NC ECHO, available at http://ncecho.org, has been updated in order to expand access to unique local heritage collections previously scattered across a multitude of websites and North Carolina institutions. NC ECHO enables users to search across thousands of digitized and “born-digital” historic materials, including a wide variety of books, photographs, maps, family histories, state documents, newspapers and other materials from cultural heritage institutions around North Carolina. The collections available through NC ECHO include a diverse array of materials by and about the people, places and history of North Carolina.
The previous NC ECHO program was managed by the State Library of North Carolina from 1999-2012, with the intent of identifying and digitizing local cultural heritage collections. The newly revived NC ECHO program continues with the same spirit, to build connections and improve access to these collections of historic materials.

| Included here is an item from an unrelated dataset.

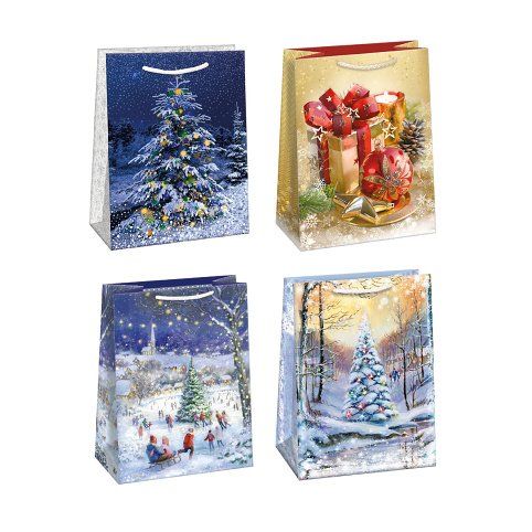 Vánoční papírová dárková taška s originálním designem. * vyrobená z kvalitního pevného papíru pro rychlé a praktické zabalení dárků* kvalita zpracování zaručuje dostatečnou pevnost proti protržení dna nebo odtržení oušek

Over the coming year, the North Carolina Digital Heritage Center will continue to work with cultural institutions across North Carolina to add new materials to this statewide search. “This project shows how libraries, archives, and museums are working together to share their historical photo and document collections with all North Carolinians,” said Cal Shepard, State Librarian of North Carolina. “The NC ECHO website will unlock unique and important historical materials by making them easy to find and use for everyday researchers.”
Staff at libraries across the state have eagerly awaited the launch of the new NC ECHO project because it will dramatically improve service to patrons researching local history. “By including content from over 100 different institutions across North Carolina, NC ECHO makes it easier than ever for students, scholars, and genealogists to find the materials they need,” said Nicholas Graham, Program Coordinator for the North Carolina Digital Heritage Center. “NC ECHO is the new first stop for anyone interested in North Carolina.”
To use NC ECHO, patrons can visit http://ncecho.org, and search based on historical interests, places, or people. All of the collections available through the NC ECHO search are freely available online to all users, regardless of their location or affiliation.